Am Abend des 19. November stellt Vladimir Stoupel gemeinsam mit Anna Rabinova (Violine), Dimitri Tombassow (Violine), Igor Budinstein (Bratsche) und Victor Yoran (Cello) mit Gustav Mahler und Antonin Dvorak zwei Komponisten in den Mittelpunkt, deren große symphonische Werke weit bekannter sind, als ihre Kompositionen für die Kammerrmusik Mahlers Klavierquartett und Dvoraks Klavierquintett A-Dur rahmen die Sonate für Violine und Klavier des Prager Komponisten Erwin Schulhoff ein, der als Pianist in den zwanziger Jahren unseres Jahrhunderts zu den großen Hoffnungen der Avantgarde zählte.

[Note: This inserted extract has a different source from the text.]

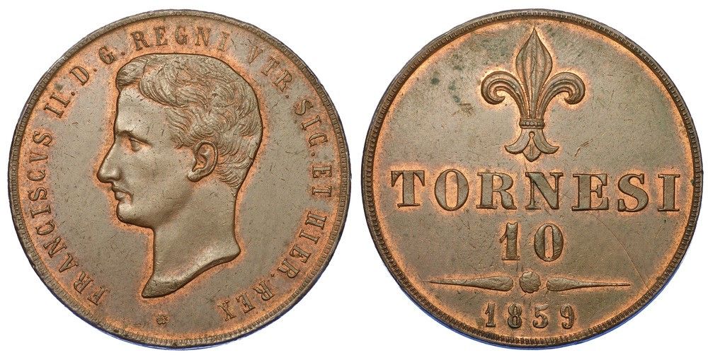 NAPOLI. FRANCESCO II DI BORBONE, 1859-1860. 10 Tornesi 1859.
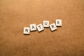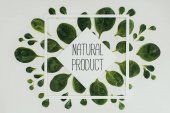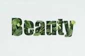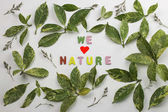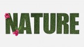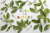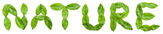 Natura słowo z świeżej zieleni liści na białym tle na szary

Ihr zugehörig wußte sich der Sohn einer hochmusikalischen deutsch-jüdischen Kaufmannsfamilie durch seine soldatischen Erlebnisse im 1. Weltkrieg die Schulhoff zu sarkastischer bis zynischer Ablehnung aller bisherigen bürgerlichen Werte führte. Das Leben des Max Reger Schülers fand 1942 ein von Tuberkolose gepeinigtes Ende im bayerischen Konzentrationslager Wülzburg. Sein Schaffen ist wohl eine der persönlichsten Sichtweisen der musikalischen Strömungen zwischen den Weltkriegen.

Die drei Kammermusikabende im Centrum Judaicum stellen ohne Zweifel einen Höhepunkt der diesjährigen Jüdischen Kulturtage dar. Sie bieten Einblick und Überblick zugleich, lassen den Hörer Beliebtes wiedererkennen und führen in Kompositionen und Schaffensperioden ein, die uns viel zu häufig verschlossen sind.